A Few Thoughts on Philip Seymour Hoffman, Addiction and True Tragedy

Last weekend Bryan asked me to join him watching a movie – Synecdche, New York, written and directed by Charlie Kaufman. This movie tells the story of a troubled New York playwright who is obsessed with his own mortality and sets out to construct a massive play that he hopes will give meaning to his life. Now I’m not a fan of Kaufman’s movies, so this one wasn’t high on my priority list of films to see. But I decided to give it a chance for one reason only: Philip Seymour Hoffman.

I finished the movie with the same opinion of Charlie Kaufman as I did before starting Synecdche. But there was one opinion I had that was confirmed by this trippy film. Hoffman – who played the lead in Synecdche, New York – was nothing short of brilliant.

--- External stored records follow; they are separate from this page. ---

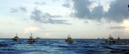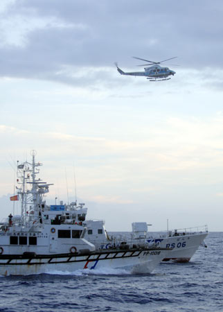 臺灣保釣人士以海釣船前往釣魚島宣示“主權”,十六日清晨當保釣船只接近釣魚島海域時,臺灣巡防艇(前)與日本保安廳巡邏艇(后)相互對峙,不讓日本船只接近保釣船,空中還有日本直升機沿途監視。整個釣魚島海域布滿雙方海防艦艇,情形緊張中相互又頗節制!爸醒肷纭眻D
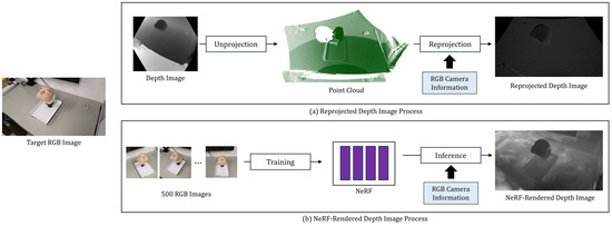 Reprojected depth image and NeRF-rendered depth image: (a) Reprojected Depth Image Process, (b) NeRF-Rendered Depth Image Process.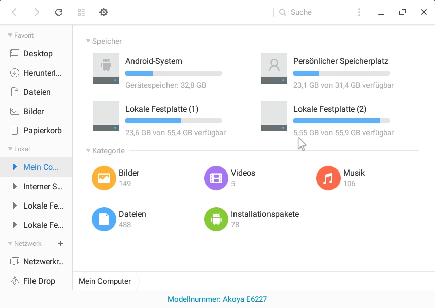 1 war ein Medion Akoya e6227 4gb ram 1,8ghz 128gb ssd 32gb phönix os und windows 10 rest plate dualboot

Hoffman was one of the greatest actors I’ve ever watched, embodying his characters so much that it was almost eerie. Just like in Synecdche, he brought immense talent and realism to the screen that you actually forget it is Hoffman playing a character at all.


I was shocked when I heard about Hoffman’s death this past Sunday. I am devastated when I think about the talent that is lost and his children who are left without a father. And I’m haunted thinking about the manner in which he died and the demons that must have plagued his life so deeply.

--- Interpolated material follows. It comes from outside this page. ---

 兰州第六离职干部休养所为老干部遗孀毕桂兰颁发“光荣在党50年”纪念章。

But more than the sadness, I’ve been almost speechless at the comments people are writing throughout the Interwebs — how Hoffman chose drugs over his life, that he was selfish and wanted to die.

Addiction is a scary, all-consuming beast. Drug addiction, alcoholism, gambling, sex addiction, shoplifting, smoking, over-eating, over-spending … taken to the extreme, these are all addictions that can be as dangerous as shooting heroin.

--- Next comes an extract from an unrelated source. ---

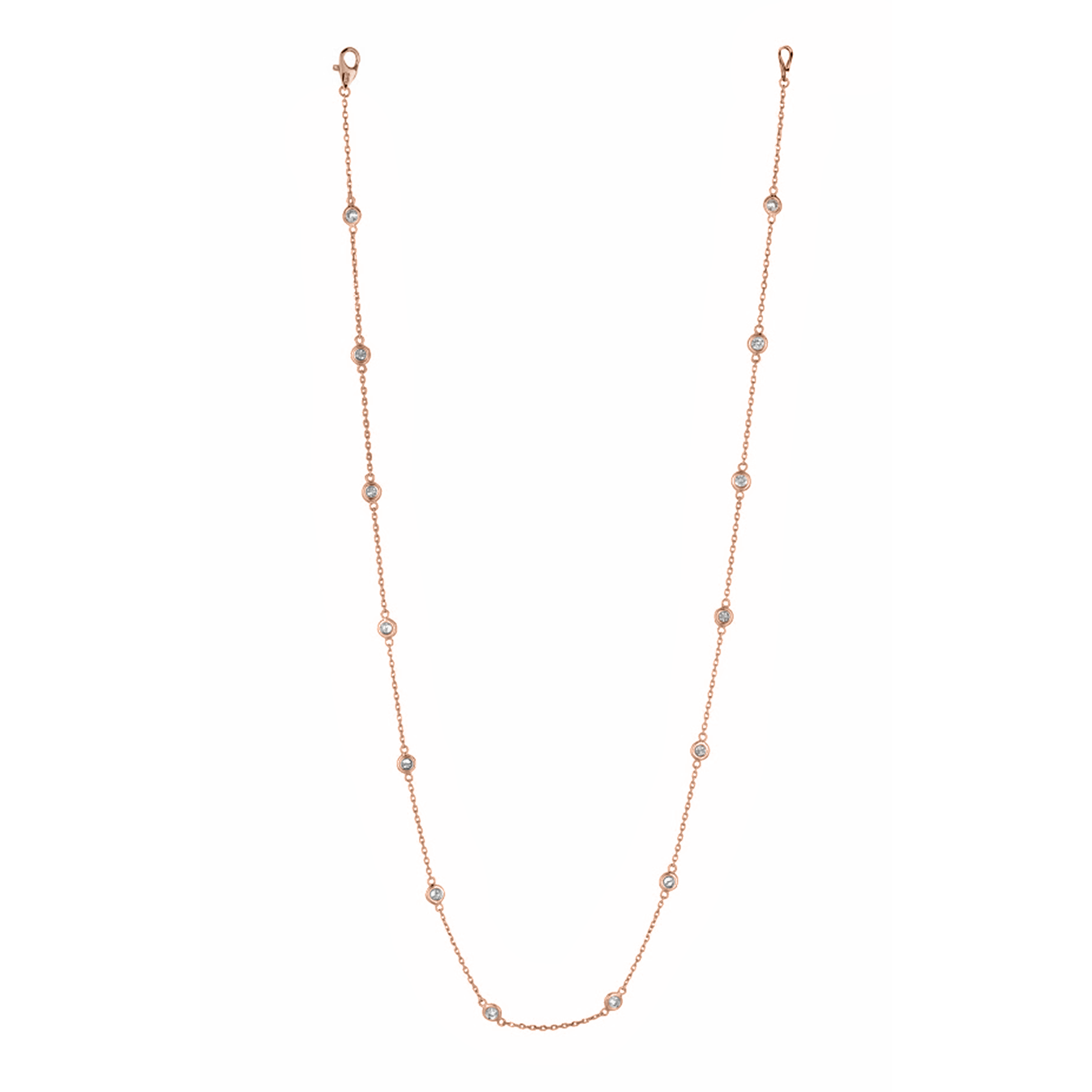 With the diamonds sitting along a 24" gold chain, this necklace is a versatile jewelry piece that can be worn solo or as part of a beautiful neck party.

People don’t set out to become addicts. It’s not a career objective that’s written at the top of a resume. Addiction is a way of life that becomes almost inescapable.

It saddens me that people pass judgment about Hoffman’s life (and so many others) without for a minute thinking about how much pain (physical and emotional) he must have been in at the time he died.

I personally cannot go a day without a cup of coffee or two Excedrin because otherwise I will be overtaken by a horrible caffeine-withdrawal headache. Do you think I’d like to stop consuming caffeine? Absolutely! But you know what happens? The headache takes over and all I want is relief from pain.

Now I’m just talking about caffeine, a legal substance. Can you imagine the physical pain a heroin addict is in? I, for one, cannot. And I’d be willing to bet that a lot of the other people on the Interwebs passing judgment about Hoffman’s choices cannot imagine it either.


I am glad we watched Synecdche, New York the week before Hoffman died. I think it would be too heartbreaking to watch now, mainly to see Hoffman play such a sad and lonely man, trudging through a very difficult life, full of utter pain. More to the point, it would be too difficult for me to watch Hoffman portray not just another amazing character, but himself on screen.